--- Supplied entries ---

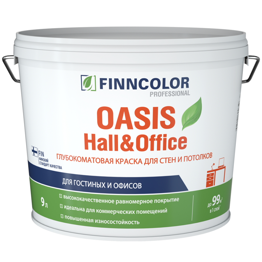 Краска Финколор OASIS HALL@OFFICE C для стен и потолков устойчивая к мытью 9 л
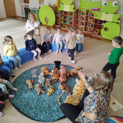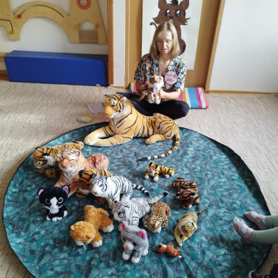 Dzieci poznawały dzikie koty i bawiły się pluszowymi tygrysami i kotkami.
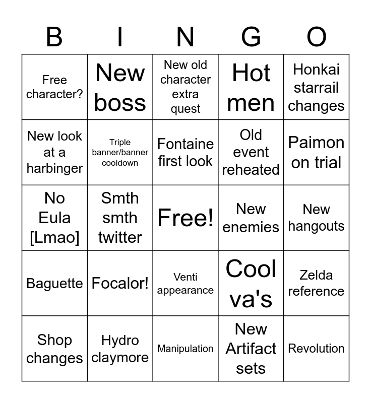 This bingo card has a free space and 24 words: Focalor!, Hydro claymore, Fontaine first look, Shop changes, Honkai starrail changes, Free character?, New look at a harbinger, New boss, New enemies, Venti appearance, Old event reheated, No Eula [Lmao], Cool va's, Zelda reference, Triple banner/banner cooldown, New Artifact sets, New hangouts, New old character extra quest, Paimon on trial, Smth smth twitter, Revolution, Baguette, Hot men and Manipulation.
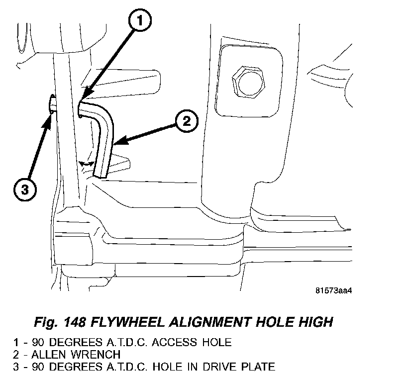 8. If the small end of the Allen wrench is too close to the engine block (alignment hole in the flywheel, flex plate too high), remove the Allen wrench and rotate the crankshaft around again to the three O'clock position, or 90 degree ATDC, and begin the alignment sequence again (Fig. 148).
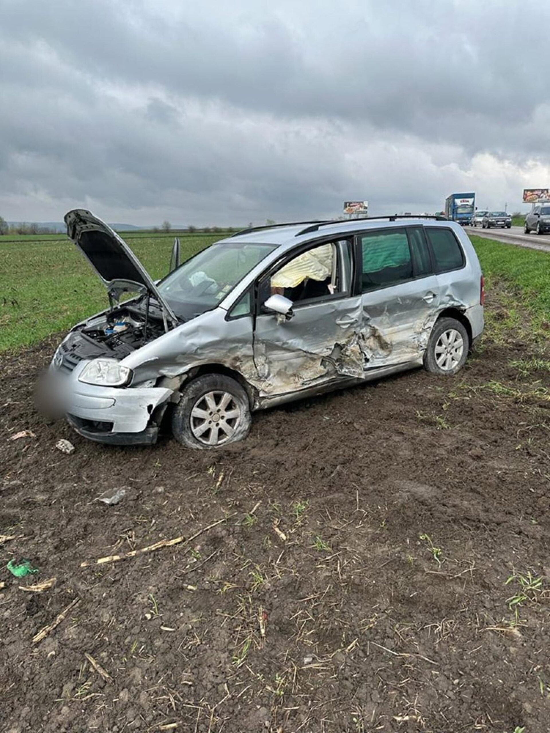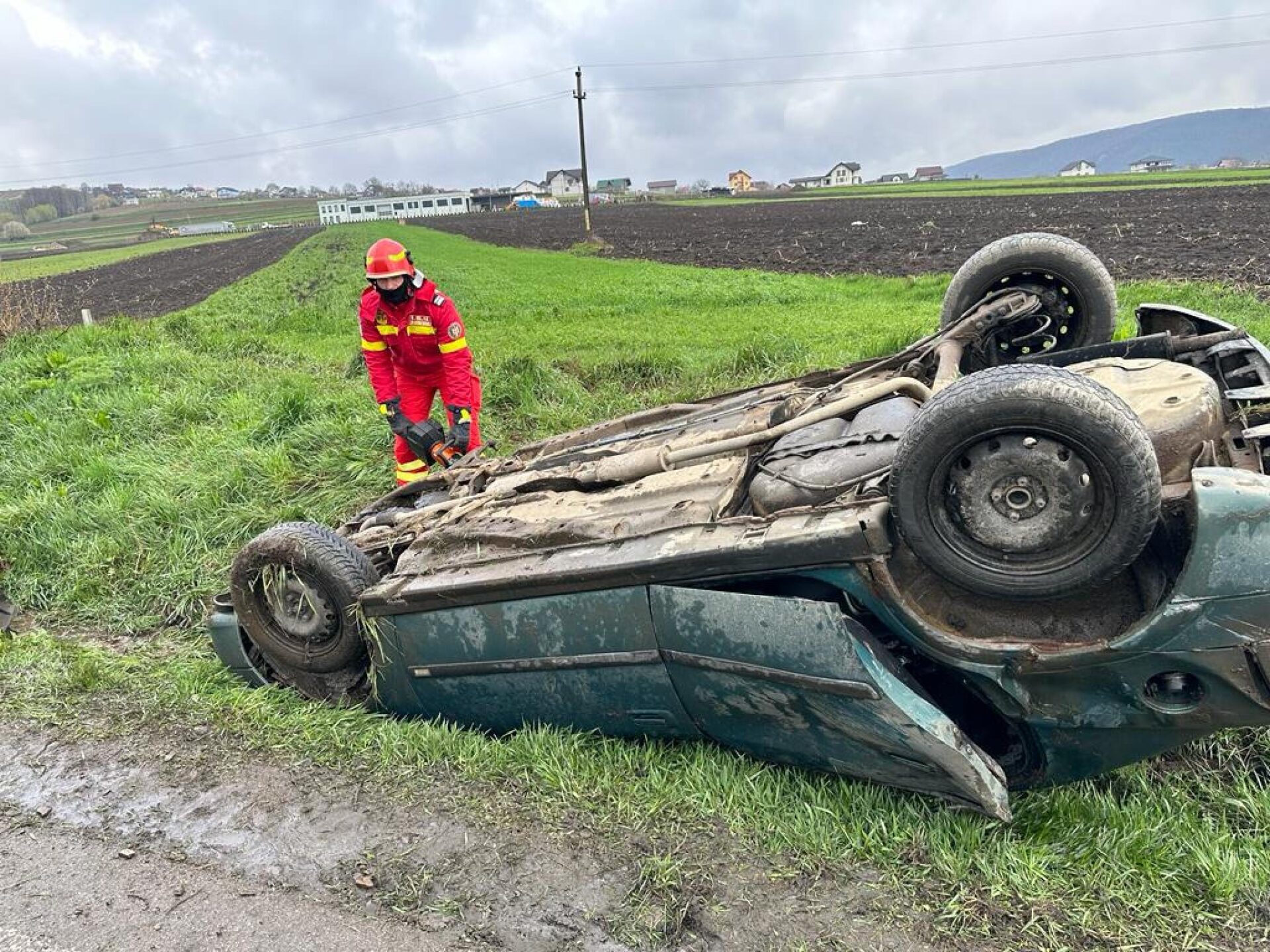 În urma impactului, una dintre mașini s-a răsturnat, iar a doua a ajuns în decor, cu grave avarii în partea laterală stânga.
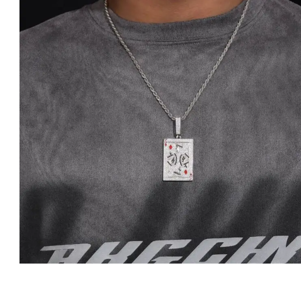 Bold and striking, the King of Aces Moissanite Necklace is crafted in high-quality 925 sterling silver, offering lasting shine and durability. The pendant features a distinctive design accented with brilliant moissanite stones, precision-cut to maximize sparkle and fire. Perfect for making a statement on special occasions or adding a touch of luxury to everyday wear, this necklace combines modern sophistication with timeless elegance. Lightweight and versatile, it brings a radiant and stylish flair to any jewelry collection.
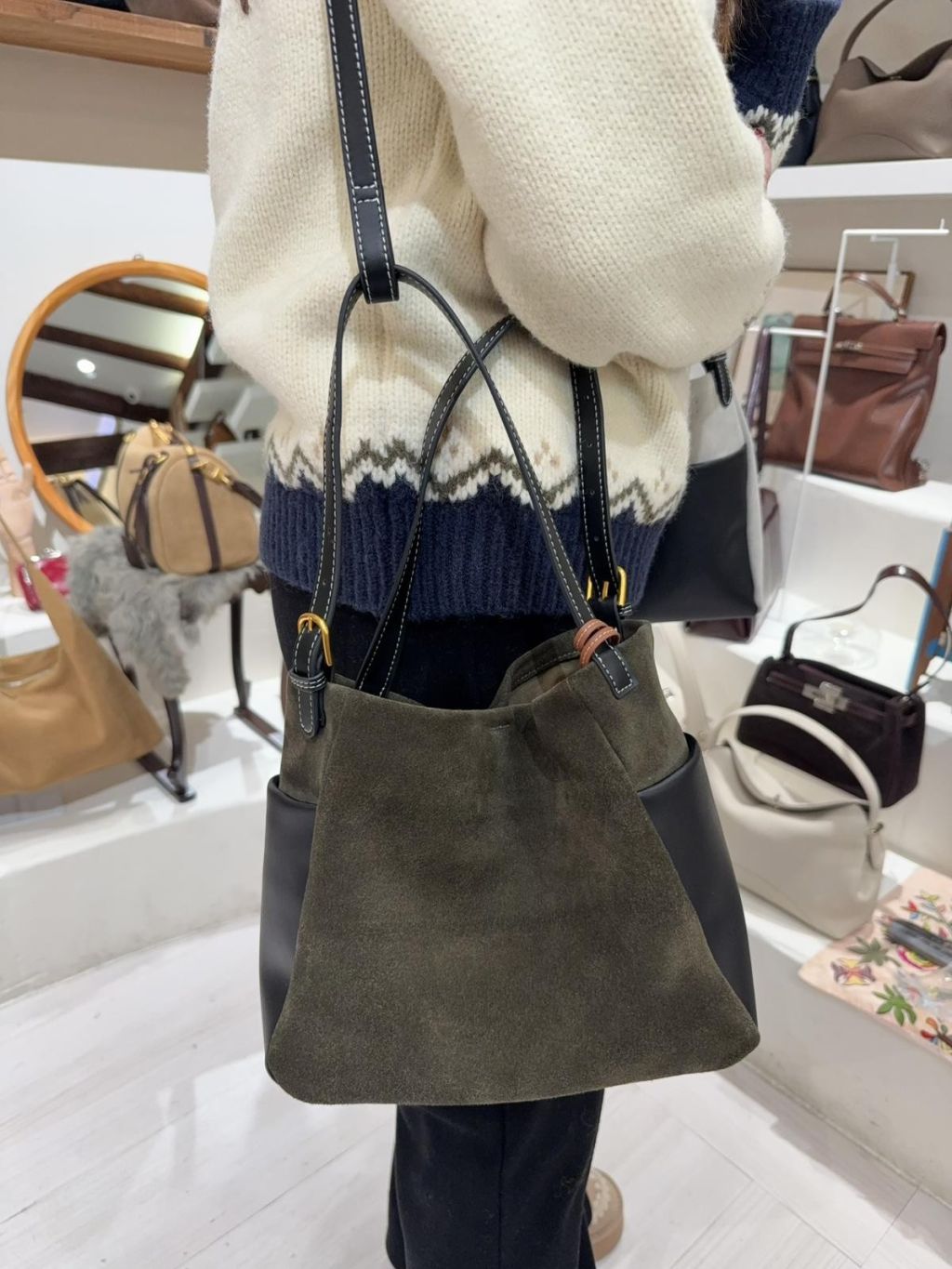 DG5 韓國高質真皮手袋猄皮拼布手提袋
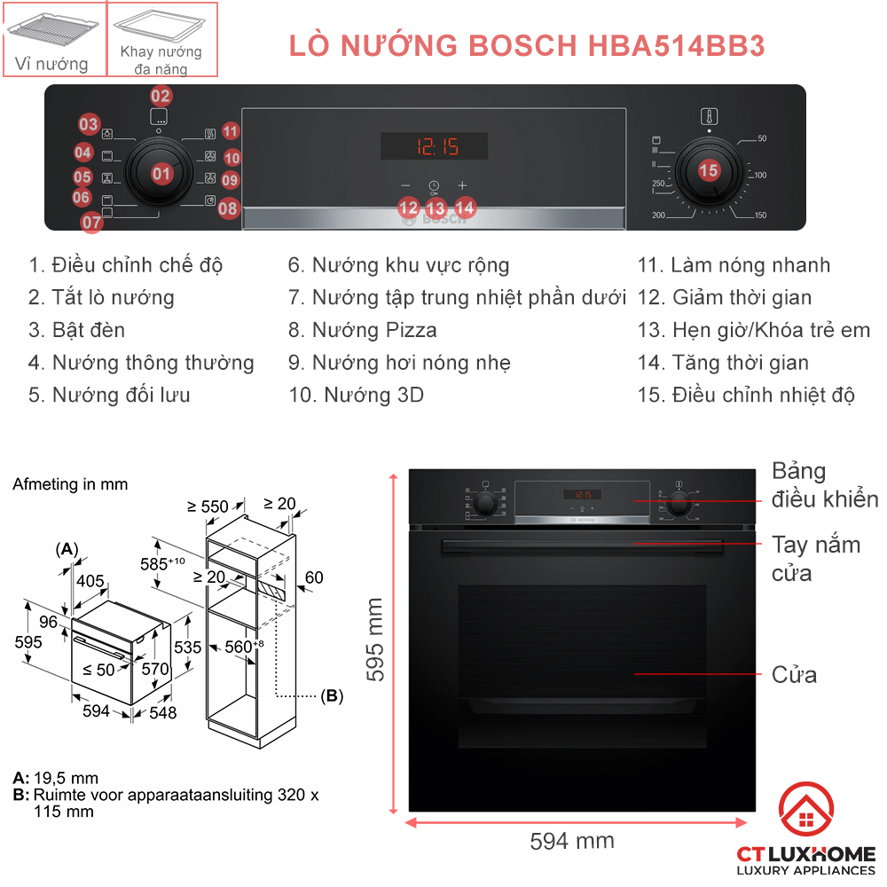 Thông số kỹ thuật chi tiết LÒ NƯỚNG ÂM TỦ BOSCH HBA514BB3 71L

---

Aim of the exercise:
The lines from the start of the data through the line that contains "Dzieci poznawały dzikie" are to be returned exactly, please, with both ends included and every picture left out.

Finished exercise:
 Краска Финколор OASIS HALL@OFFICE C для стен и потолков устойчивая к мытью 9 л
 Dzieci poznawały dzikie koty i bawiły się pluszowymi tygrysami i kotkami.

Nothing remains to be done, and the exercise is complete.